L'Atlético de Madrid
Les Colchoneros ont eu raison de La Défense gruyère du FC Barcelone. Ils ont fermé la porte d'accès aux demi-finales de la Coupe d'Europe à des Catalans dotés d'un jeu collectif séduisant et d'une attaque excellente où brille le diamant Lamine Yamal, conduite par le meilleur meneur de jeu actuel, Pedri. Les Barcelonais étaient prévenus : leurs joueurs seraient attendus par des Madrilènes bien regroupés en défense, prêts à transpercer par des contre-attaques tranchantes la défense en ligne horizontale des Espagnols, positionnée haut sur le terrain ; et à provoquer l'expulsion d'un défenseur catalan à chacune des deux rencontres : les mêmes causes produisent…
Arsenal
À l'Emirates Stadium, face à des Portugais peu réalistes en attaque, les Gunners en panne d'inspiration ont eu du mal à conserver leur avantage d'un but acquis à Lisbonne.

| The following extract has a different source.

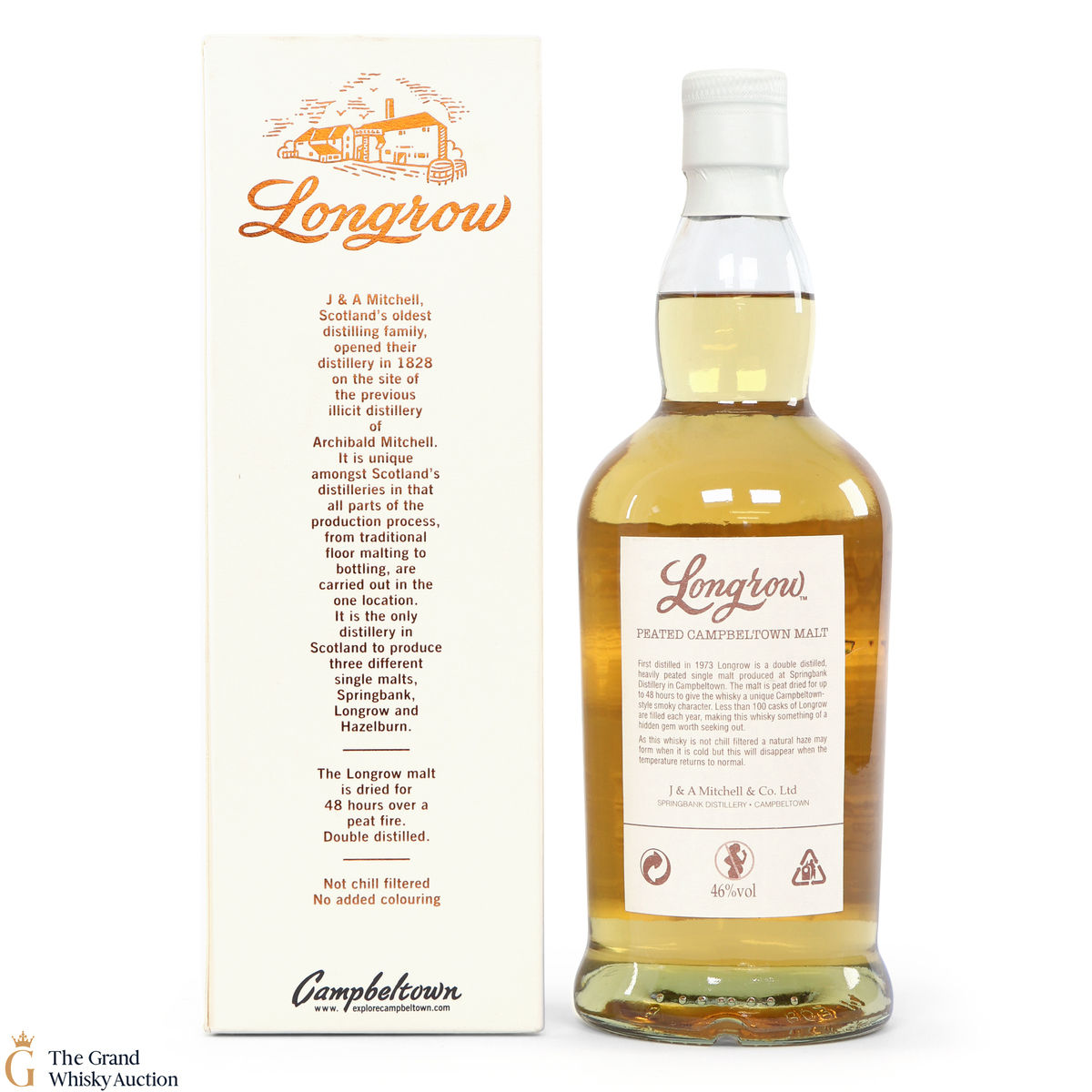 A bottle of Longrow Peated - This is essentially the awesome Longrow C.V. bottling in new packaging, which used to be Longrow's entry-level whisky. Longrow is Springbank's heavily peated whisky - this is a no age statement expression.
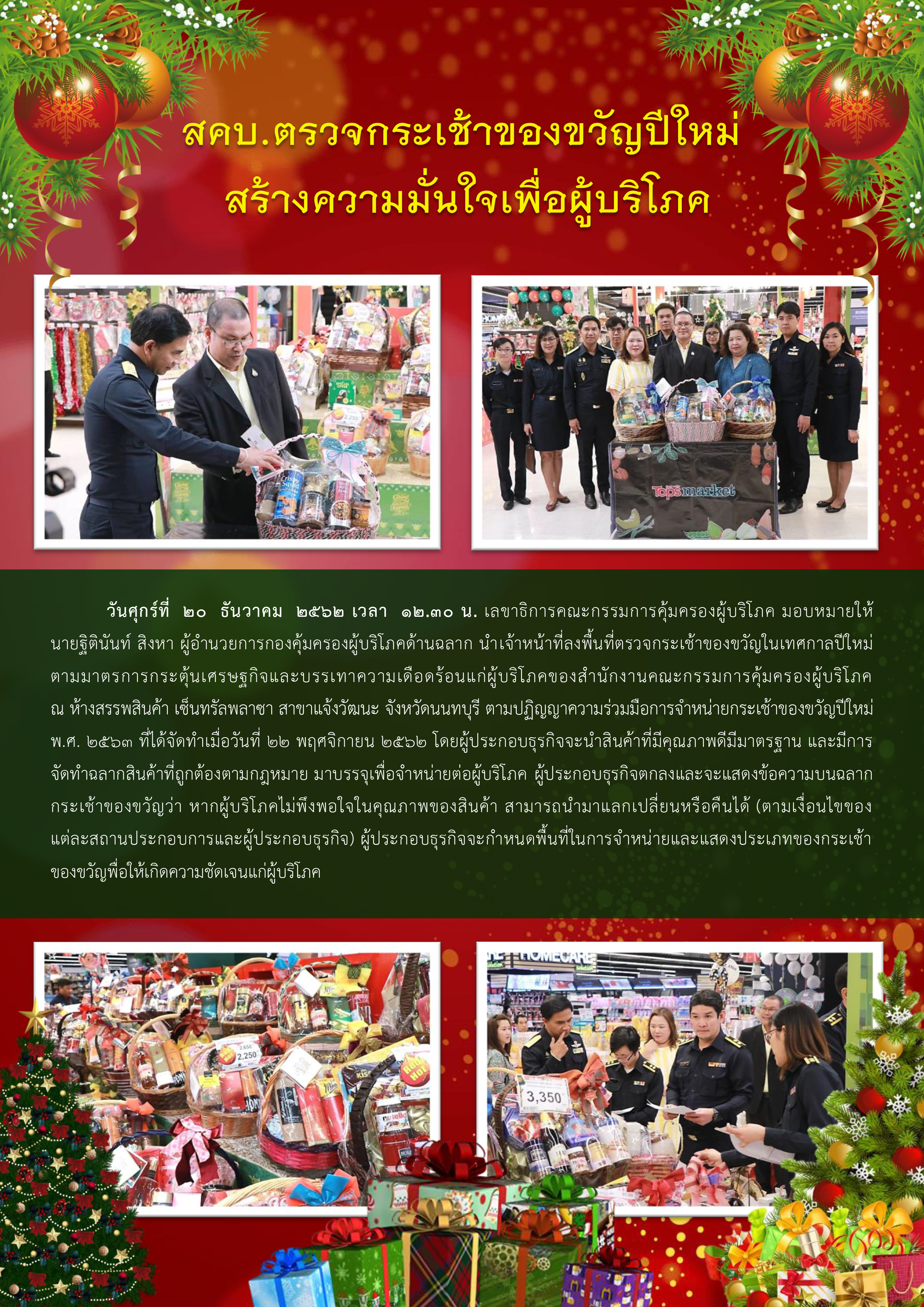 สคบ.ตรวจกระเช้าของขวัญปีใหม่ สร้างความมั่นใจเพื่อผู้บริโภค

Contre un Atlético coriace, ils devraient souffrir de leur lutte au coude à coude avec Manchester City pour la conquête tant attendue du triomphe en Premier League. Les Londoniens semblent préparer un remake de « Plus dure sera la chute »…
Pronostics
Conscients de la glorieuse incertitude du sport, s'il fallait jouer les devins, on se risquerait à pronostiquer une finale PSG-Atlético.